To be straightforward, whether you have hundreds of thousands or millions in your account, as long as you can't withdraw the money smoothly,
1. Choose the right platform + the right merchants, and avoid 80% of the risks first.
1. OTC platforms must be top-tier.
Only use reputable exchanges like Binance and OKX. Most of their OTC merchants are vetted, payments are fast, and T+1 is fully supported.

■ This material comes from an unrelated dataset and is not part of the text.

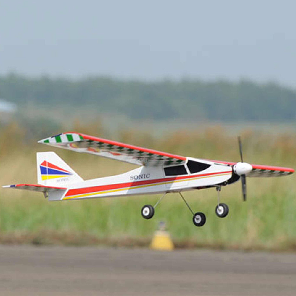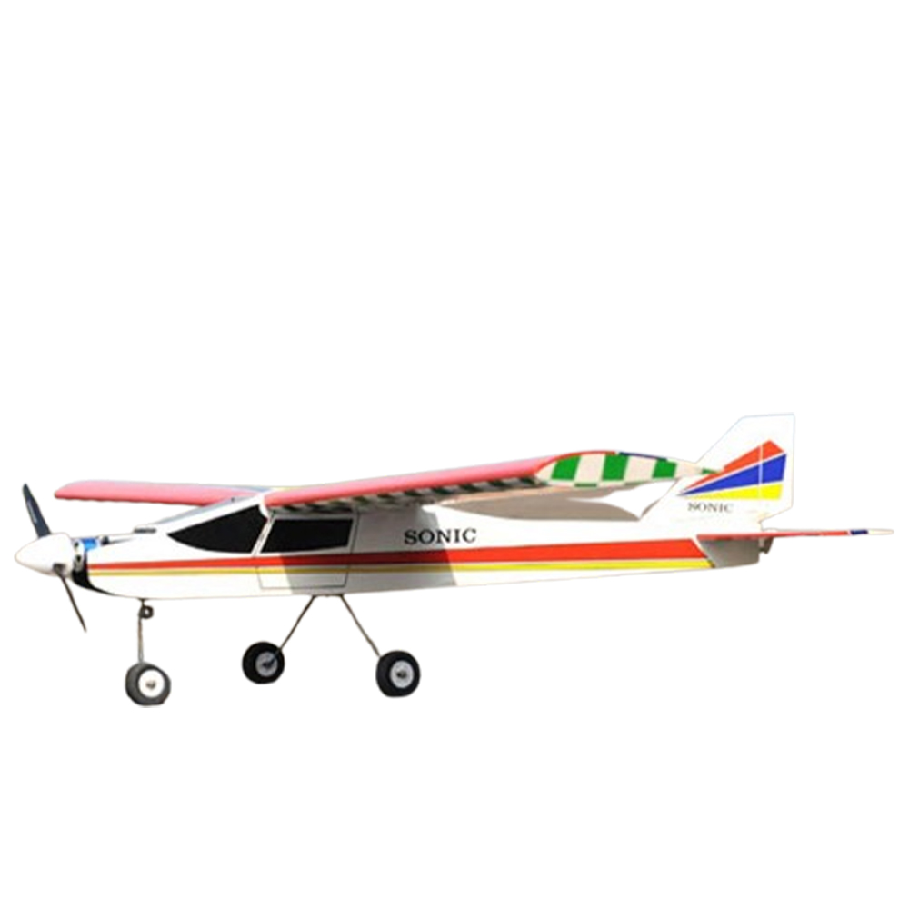The Sonic high wing offers semi-symmetrical maneuverability, making it the highest-quality, easiest-starting and easiest-to-fly trainer in its class. The Sonic high wing is expertly handcrafted from balsa and plywood using only epoxy and CA glues. You can fly this plane after 1-2 hours of installation. All the hardware are included (servo wire, fuel tank, wheel/landing gear, etc). You only need to separately purchase the nitro engine and radio system.
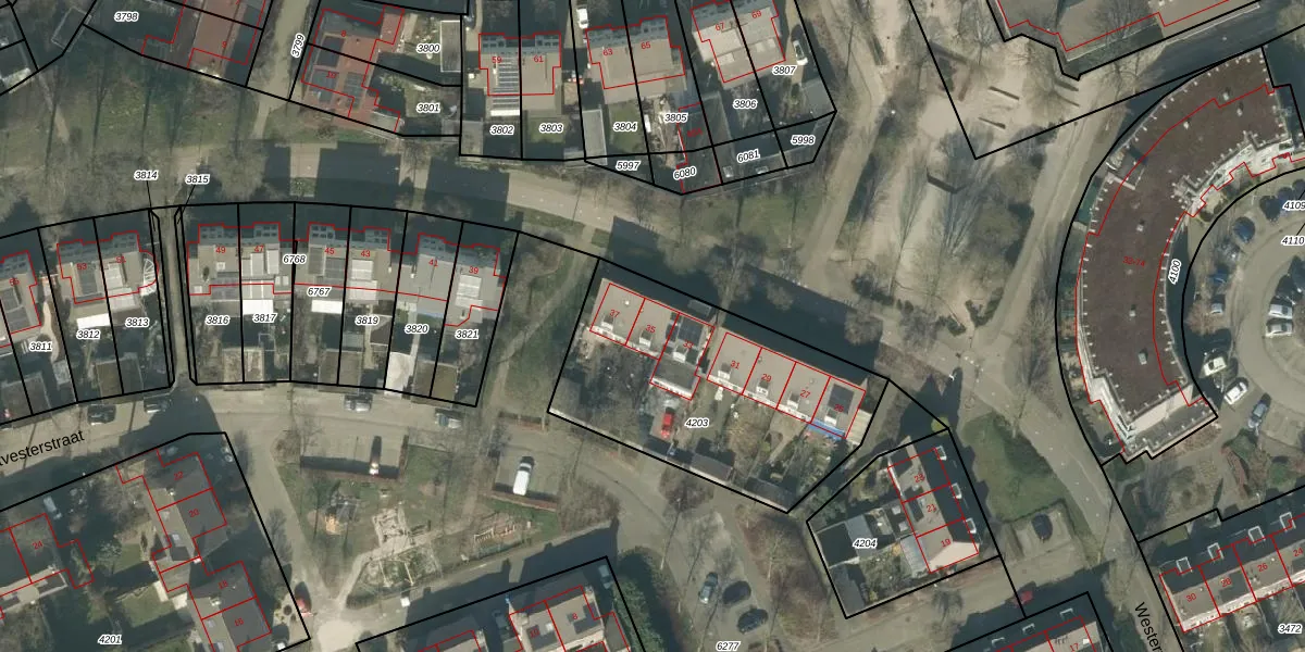 Het perceel waarop Houtvesterstraat 35 staat heeft een oppervlakte van 1131 m². Dit is een zeer groot perceel. De perceeloppervlakte wordt geregistreerd door het Kadaster. Gedetailleerde informatie over de maten van dit perceel kunt u vinden in het rapport Kadastrale kaart met maatvoering van Houtvesterstraat 35.

Don't touch smaller exchanges, no matter how cheap they are; the risk of merchants running away is high, and if your money hasn't arrived, you won't even know who to contact.
Choose your timing wisely.
Try not to withdraw funds after 8 PM. Customer service is off duty, and if you enter the wrong card number or amount, no one will be there to assist you, making it easy to get stuck.
2. Don't rush to withdraw to your wallet: let the on-chain activity 'cool off'.
Before withdrawing, don't rush; first transfer the coins to your frequently used wallet and leave them for three days.
Withdraw to wallets like MetaMask or Trust that you normally use.
Don't move it for three days; let the on-chain records 'cool down'.
Don't suddenly create a new address to receive coins; a new wallet + large amount = red flags for bank risk control.
Many cards get frozen because you 'transfer coins to the wallet and immediately cash out.'
3. Three iron rules for withdrawal: 99% of people fail at this step.
1. Split the amount; don’t withdraw it all at once.
For example, split 100,000 into 50,000 + 30,000 + 20,000, with one withdrawal per day; for 1,000,000, split it into 8 withdrawals, each spaced 2 to 3 days apart. What banks see as normal flow is **'small amount + multiple transactions + reasonable intervals'**.
2. The receiving card must be the one you are 'actually using'.
What is a 'living card'? It's the card you use every day for:
Food delivery.
Paying utilities.
Mortgage payments.
This card should have a balance, spending, and income, appearing like a 'normal person' so the bank approves it.
3. 'Nurture the card' in advance: make a few small transactions.
If you want to receive 50,000 today, make a few small transactions yesterday afternoon:
Breakfast 18 yuan.
Supermarket 42 yuan.
Phone bill 100 yuan.
This way, the bank system will think: this card has been active recently, so receiving a large amount is reasonable.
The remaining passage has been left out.